By Crispian Balmer and Philip Pullella

VATICAN CITY | Tue Mar 12, 2013 3:51pm EDT

(Reuters) – Thick black smoke billowed from the Sistine Chapel’s chimney on Tuesday, signaling an inconclusive first vote in the conclave to elect a new pope at a time of strife and scandal for the Roman Catholic Church.

Thousands of faithful huddled in St. Peter’s Square to watch the smoke pour out of the narrow flue in the rain-laden gloom following a day rich in ritual and pageantry.

Earlier, after praying for divine guidance, the red-hatted cardinals took a solemn vow in Latin never to divulge any details of their deliberations. They then secluded themselves behind the chapel’s heavy wooden doors.

No conclave in the modern era has chosen a pope on its first day, and some cardinals speculated this week that it might take four or five days to pick the man to replace Pope Benedict, 85, who unexpectedly abdicated last month.

The so-called “Princes of the Church” will spend the night in a Vatican hotel before returning to the frescoed Sistine Chapel at 9:30 a.m. (0830 GMT) on Wednesday to continue voting, with two rounds set for the morning and two for the afternoon.

Until they choose a new pontiff, their only communication with the outside world will be the smoke from the Chapel chimney – black when voting sessions end with no result and white when a pontiff is elected.

The crowd’s excited cheers when the first puffs of smoke emerged swiftly turned to disappointed sighs when they saw that it was signaling no surprise early decision.

“I am on vacation and can’t believe how lucky I am to be here at this moment,” said Patricia Purdy, a retired teacher from New York, adding it was time for a younger pope.

“It would be good if he was young, so he can relate to younger people and bring them closer to the Church.”


Whoever becomes the 266th pontiff in the Church’s 2,000-year history will face a daunting array of problems, including sex abuse scandals, infighting within the Vatican bureaucracy and the spread of secularism in its European heartland and beyond.

No clear-cut front runner has emerged, with some prelates pushing for a strong manager to control the much criticized central administration, known as the Curia, while others want a powerful pastor to promote their faith across the globe.

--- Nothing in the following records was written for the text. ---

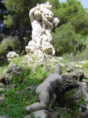 La "Fontana del pescatore" è formata da una gran vasca di marmo, elevata su doppi gradini. Al centro si erge una massa rocciosa a trio, in cima alla quale una coppia di puttini in piedi, poggiati su un gruppo di tre delfini, regge una conchiglia voluminosa. Più in basso altri due puttini si specchiano nell'acqua dando l'impressione di cercarsi. Il puttino che si tiene appoggiato al tronco dell'albero di marmo è mutilo del braccio destro e gli manca la testa. Un terzo puttino più distante dagli altri è seduto sulla pietra che sorge come un sedile nell'atto di pescare, da cui il nome della fontana. Questi puttini, abilmente modellati, seguono lo stile del più grande stuccatore di Palermo Giacomo Serpotta. L'acqua scaturiva dalla conchiglia e dalle bocche dei delfini. Incassata tra le rocce c'è una lapide su cui possiamo leggere un suggestivo invito "PRAEBET AQUAM FONS ARBOR AMICAM SUFFICIT CUIAS ULTRA LASSE VIATO HABES? MDCCXVII", che vuoi dire: "La fontana offre l'acqua, l'albero l'ombra amica, di che cos'altro ha bisogno il viandante stanco?" Un tempo ben sei fontane adornavano lo stradone di mezzomonreale come era chiamato prima l'attuale Corso Calatafimi. La fontana dei Dragoni è di Mariano Smiriglio ed è datata 1630, ultima superstite di cinque fontane che ornavano l'attuale Corso Calatafimi. Molto espressivi i due dragoni. Bella la cancellata. Presente nei pressi una delle ormai rare fontanelle di acqua potabile presenti in città. LO STRADONE DI MEZZOMONREALE Il viceré Marco Antonio Colonna decise nel 1580 circa di far costruire una strada al prolungamento del Cassaro (oggi Corso Vittorio Emanuele che va da Porta Felice a Porta Nuova), quindi alla fine del XVI secolo una via diritta conduceva dalle falde di Monte Caputo (Monreale) fino al mare, attraversando la città, collegandosi poi con la "Strada Colonna" (l'attuale Foro Italico), la via esterna per Messina. Nel 1630 il viceré dell'epoca, Duca di Alberquerque, aveva abbellito lo stradone di Mezzo Monreale con cinque artistiche fontane dislocate lungo il suo percorso dal Piano di Santa Teresa (Piazza Indipendenza) fino alla Rocca. Di queste fontane oggi ne rimangono solo due: la fontana Dei due dragoni e la fontana Del Pescatore, La prima è posta in una piccola esedra di fronte all'Albergo delle povere; la seconda, scolpita da Ignazio Marabitti, si trova alla fine della strada sotto Monreale, in vista della Conca D'oro. LA FONTANA DEL PESCATORE La prima fontana che s'incontra sulla strada che da Palermo porta a Monreale è situata all'interno della prima curva ed è quella del "Pescatore", eseguita dallo scultore Ignazio Marabitti nel 1768. Essa costituiva certamente un invito allettante per il viandante stanco a dissetarsi e a godere, seduto sui sedili, all'ombra sotto gli alberi, con la vista della Conca D'oro. Nella seconda metà del Settecento il nuovo Arcivescovo di Monreale Francesco Testa, uomo di eccezionale personalità e cultura, avvia un proficuo sodalizio con Ignazio Marabitti, uno scultore che in questo momento monopolizza tutto il settore delle statue nella città di Palermo e dintorni. La vecchia strada costruita dall'Arcivescovo, che precedette Francesco Testa era troppo scomoda perché ripida e mal ridotta. Cosi Francesco Testa intervenne e fece costruire la nuova strada, quella che attualmente collega Monreale con il quartiere Rocca, facendo intagliare i fianchi della montagna. Arricchì la strada con diverse fontane artistiche che da una parte servivano da abbeveratoi per gli animali da tiro e dall'altra parte invitavano lo stanco viaggiatore a sostare per ammirare il bel paesaggio della Conca d'Oro, chiamata così perché il riflesso del sole sugli agrumi sembrava una copertura di puro oro. La "Fontana del pescatore" eseguita dallo scultore sopra citato, è la prima che s'incontra salendo per Monreale. Segue la "Fontana del Drago", ad un centinaio di metri e la Fontana di Lodovico Los Conveos. |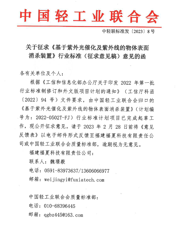 关于征求《基于紫外光催化及紫外线的物体表面消杀装置》行业标准(征求意见稿)意见的函
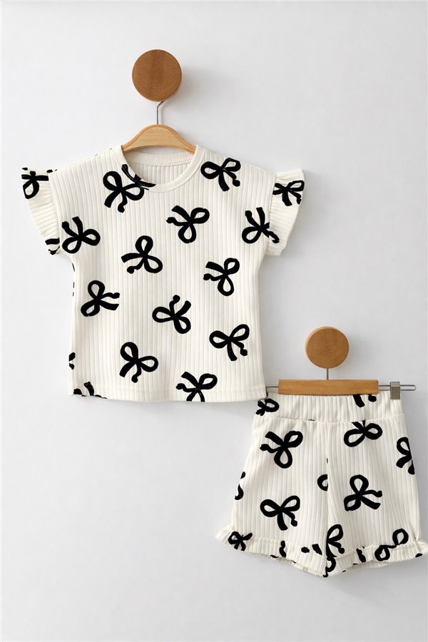 Kız Çocuk 4-7 Yaş Fiyonklu Fırfırlı Takım Siyah Krem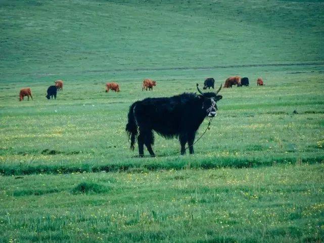 白天,牛羊沿着公路在草原上悠闲散步,偶尔一两句哞声吆喝着,风吹过草原,让人顿生放飞心情、回归自然的一股冲动。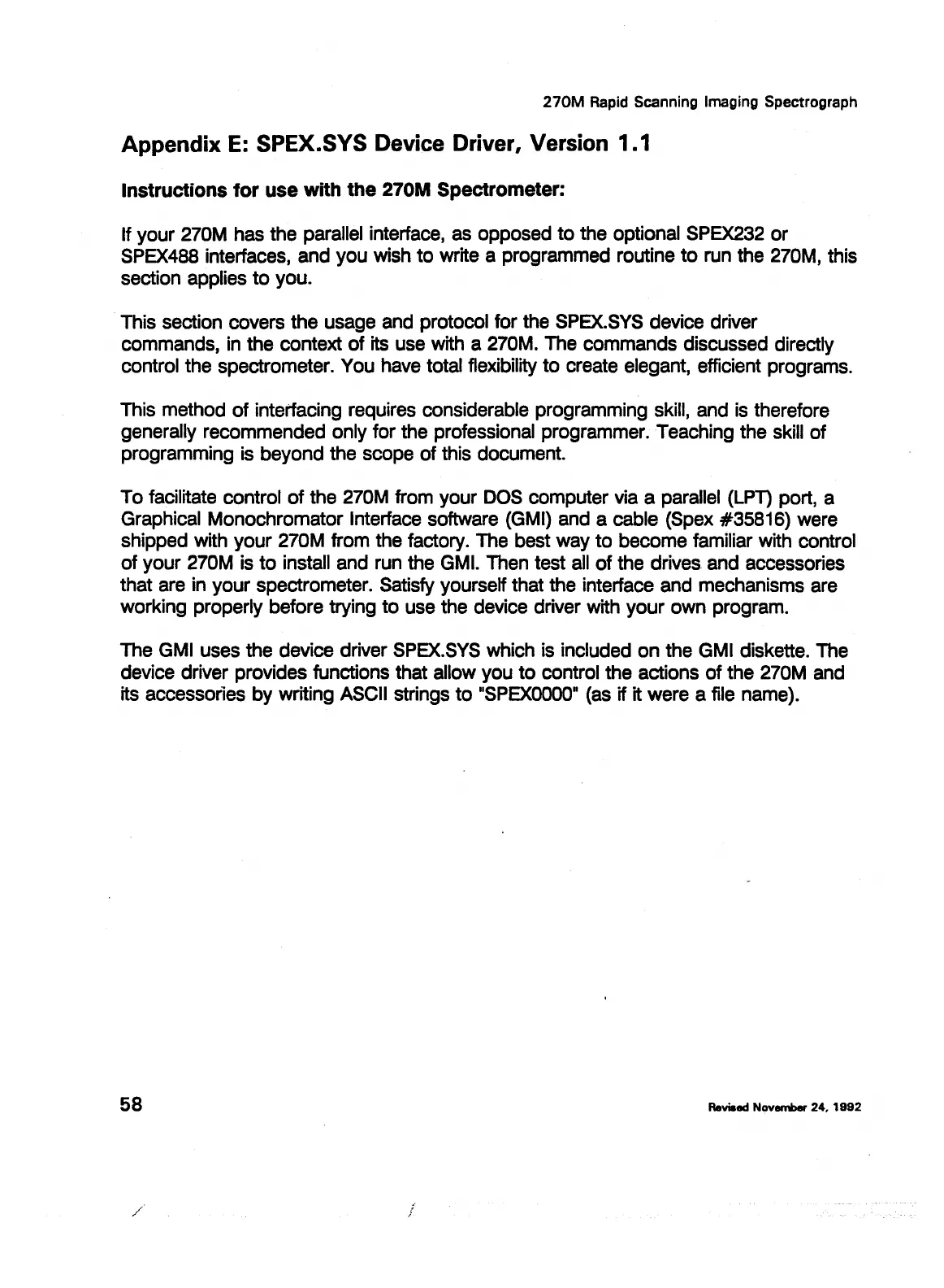 SPEX.SYS Device Driver, Version 1.1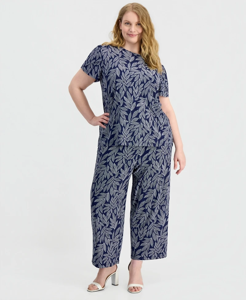 Simply styled and smartly printed, these plus size cropped pull-on pants deliver a fresh wide-leg silhouette from Anne Klein Essentials.
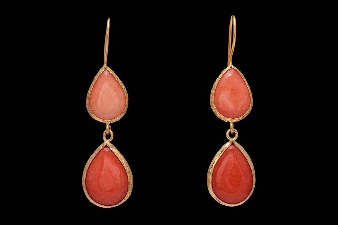 A pair of Gold Plated two linked teardrops earrings. Each earring is inlaid with two orange dyed Agate teardrop shaped cabochons, each set in a Gold Plated frame. The earrings are 0.5inches in width, 0.2 inches in depth, and 2.3 inches in drop length. The earrings are suspended from Gold Plated wire hooks.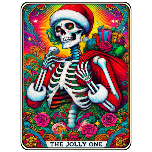 A vibrant, colorful illustration featuring a skeleton in a Santa hat, adorned with roses and gifts, titled "The Jolly One."dtf regular iron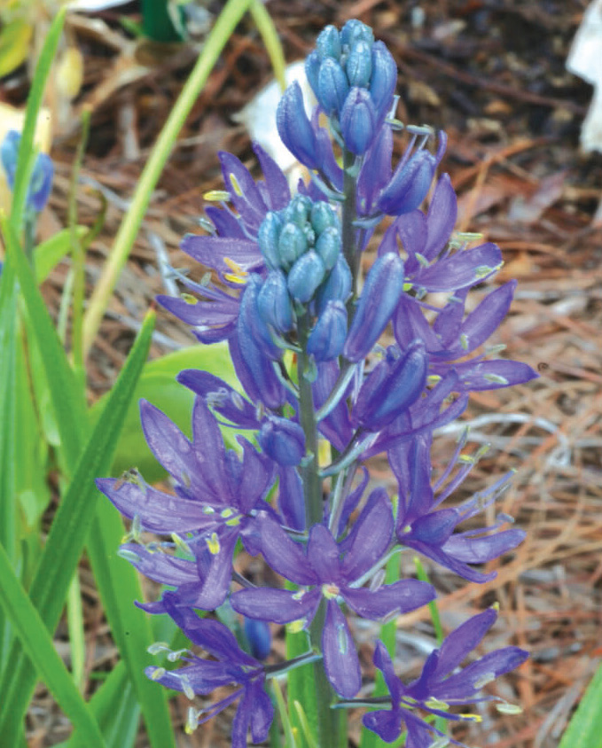Tall spikes of starry flowers with long, upright swordlike leaves; native to the western Sierra/Nevada meadows, it was sometimes used by the Native Americans as a food crop; tolerates damp meadows and pond edges as well as heavy clay soils; full sun; late spring to early summer; 4-5 per sq. ft. unless otherwise noted; 14/+ cm unless otherwise noted; whz 3–8.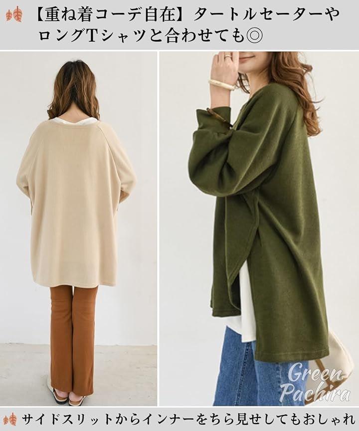 お尻が隠れるトップスとして、ゆったりとしたシルエットで、全体的に大きめに設計されています。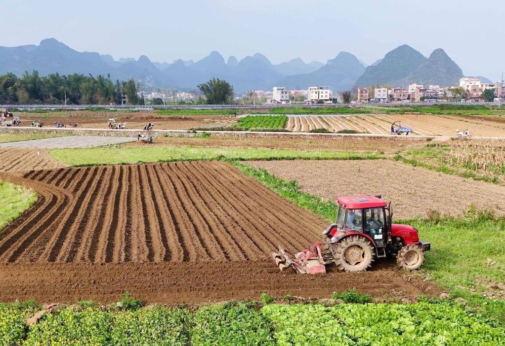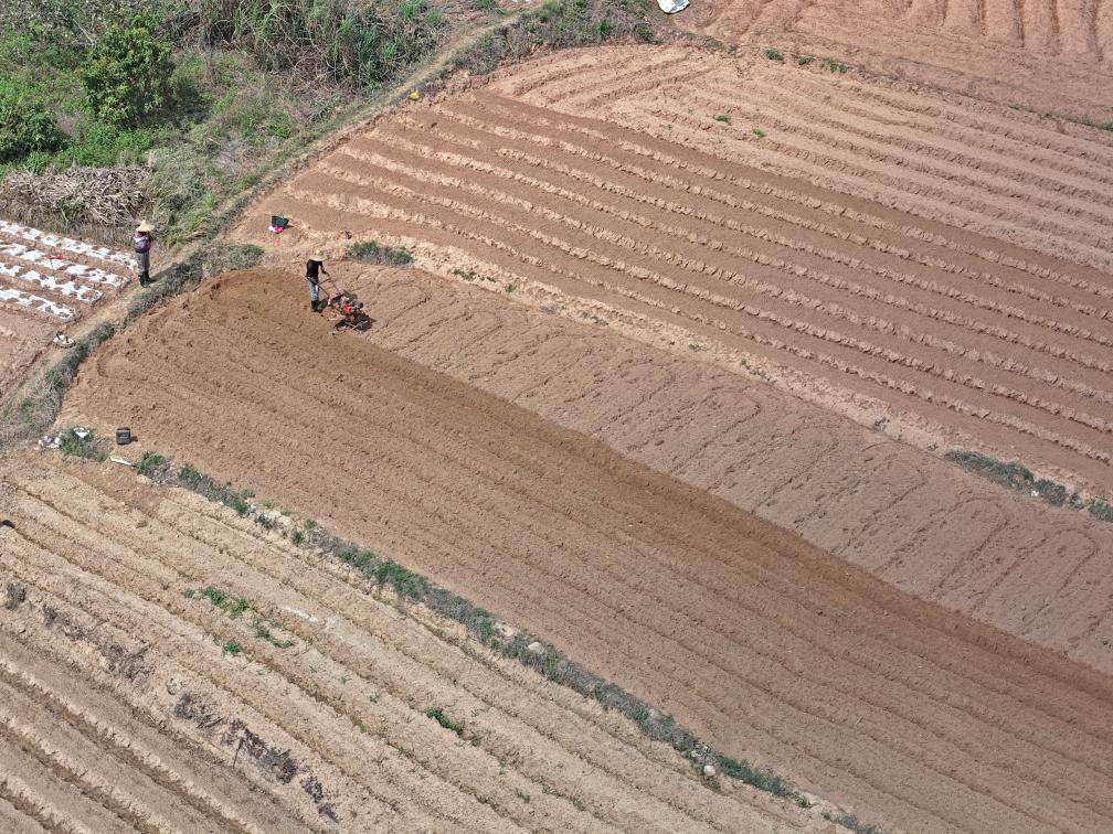 近日,广西来宾市忻城县城关镇都乐村农民驾驶农机在翻耕田地,准备种植玉米(无人机照片)。一年之计在于春,各地人们忙着翻耕土地、培育秧苗、检修农机、装运化肥,为春耕生产做准备。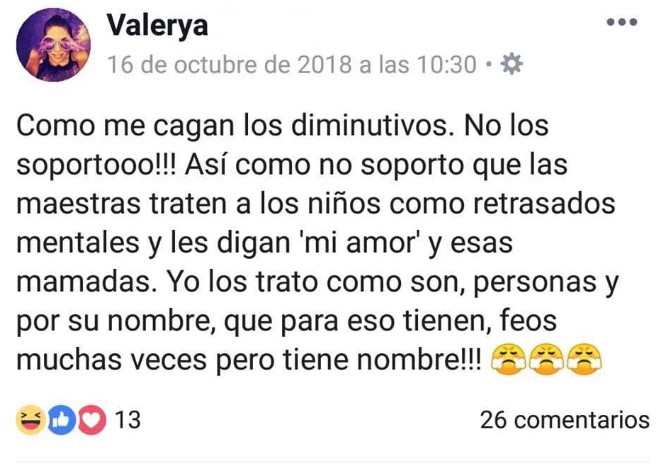 En sus redes sociales la mujer solía desquitar su furia y lanzaba cualquier clase de pestes en contra de sus tiernos alumnitos.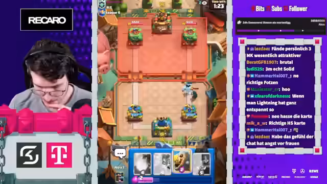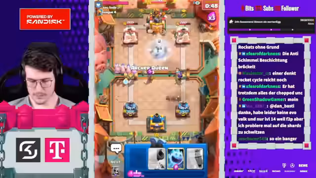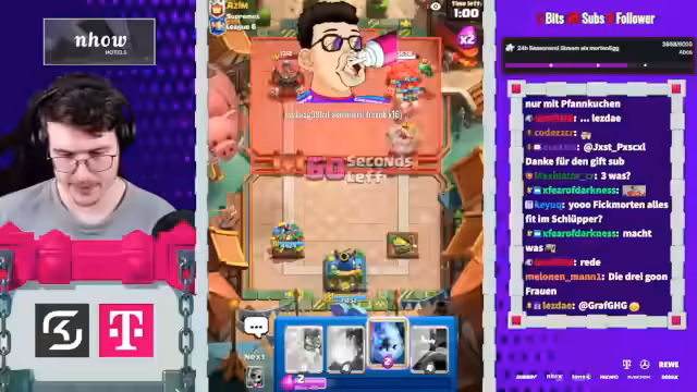 00:13:51Morten kommentiert seine strategischen Entscheidungen im Spiel, insbesondere die Platzierung der „Huggies“ und den Einsatz von „3M“ (Drei Musketierinnen). Er betont die Wichtigkeit, frühzeitig „3M“ zu spielen, um den Gegner unter Druck zu setzen. Während des Spiels interagiert er intensiv mit dem Chat, bedankt sich für Unterstützung und kommentiert die Reaktionen der Zuschauer auf seine Spielweise. Er erwähnt, dass es der zweite Tag der Saison ist und die Spielersuche mittlerweile besser funktioniert. Morten analysiert weiterhin die gegnerischen Decks und versucht, die besten Konter zu finden. Er lobt die Effektivität seiner „Barbarrel“-Verteidigung und die „Devjet“-Taktik, die ihm guten Schaden ermöglicht. Die Diskussion über die neuen „Masketeers“ und deren Kombination mit dem „Barbell“ zeigt seine Begeisterung für neue Strategien.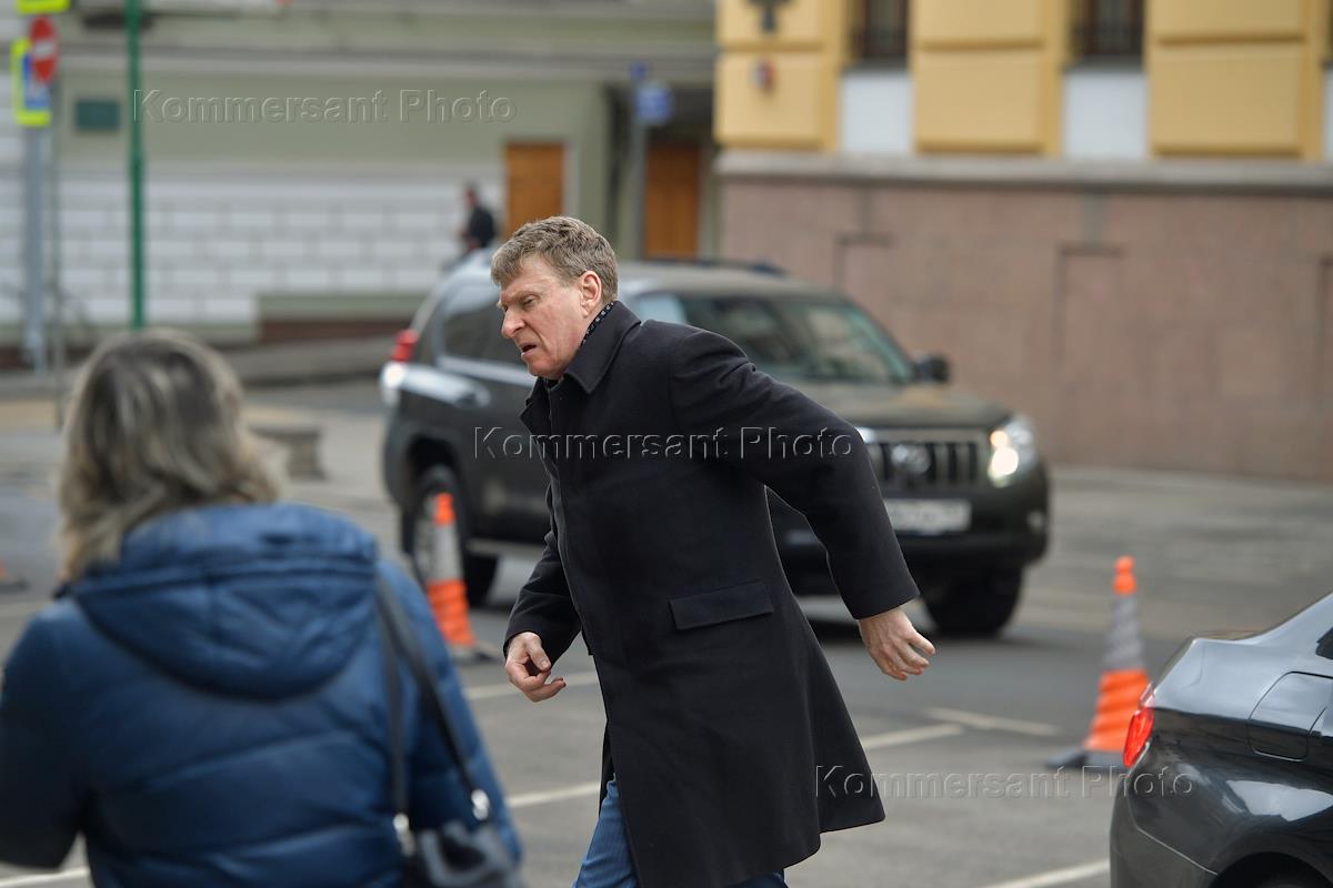 Виды Москвы во время карантина коронавируса COVID-19. Прибытие членов Совета Федерации (СФ) России на внеочередное пленарное заседание. Представитель в СФ России от исполнительного органа государственной власти Ярославской области Игорь Каграмян перед началом заседания.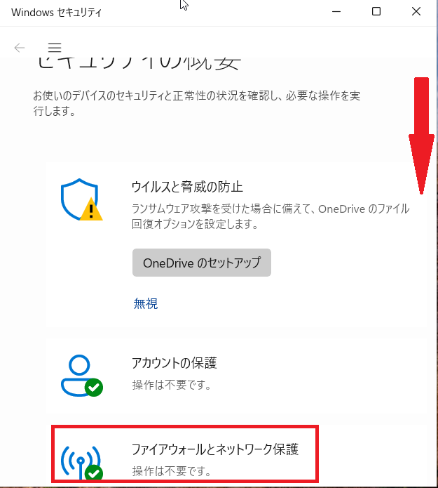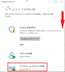⑶セキュリティの概要画面で下にスクロールし、「ファイアウォールとネットワークの保護」をクリック。

Italy’s Angelo Scola and Brazil’s Odilo Scherer are spoken of as strong contenders. The former would return the papacy to Italy after 35 years in the hands of Poland’s John Paul II and the German Benedict XVI. Scherer would be the first non-European pope since Syrian-born Gregory III in the 8th century.

However, a host of other candidates have also been mentioned as “papabili” – potential popes – including U.S. cardinals Timothy Dolan and Sean O’Malley, Canada’s Marc Ouellet and Argentina’s Leonardo Sandri.

Latin chants accompanied the cardinals as they processed into the Sistine Chapel, with Michelangelo’s depiction of Christ delivering the Last Judgment on the back wall and his image of the hand of God giving life to Adam on the ceiling.

The doors were shut at 5.34 p.m. (1634 GMT) after the master of ceremonies, Guido Marini, said “Extra Omnes” (Latin for “Everyone Out”), asking all those not associated with the gathering to leave the room.

Maltese Cardinal Prosper Grech, who at 87 is too old to participate in the voting, remained inside to give a sermon to remind the 115 cardinal electors of the gravity of their responsibility.


Earlier, at a pre-conclave Mass in St. Peter’s Basilica, Italian cardinal Angelo Sodano called for unity in the Church and urged his brother cardinals to support the future pope.

“My brothers, let us pray that the Lord will grant us a pontiff who will embrace this noble mission with a generous heart,” he said in his homily.

There are constant reminders of the scandals and controversies facing the Church.

In the past month, the only British cardinal elector recused himself from the conclave and apologized for sexual misconduct.

Police detained two women who staged a brief topless protest against the Church before the massed ranks of television crews who have come from around the world to follow the conclave.

All the prelates in the Sistine Chapel were appointed by either Benedict XVI or John Paul II, and the next pontiff will almost certainly pursue their fierce defense of traditional moral teachings.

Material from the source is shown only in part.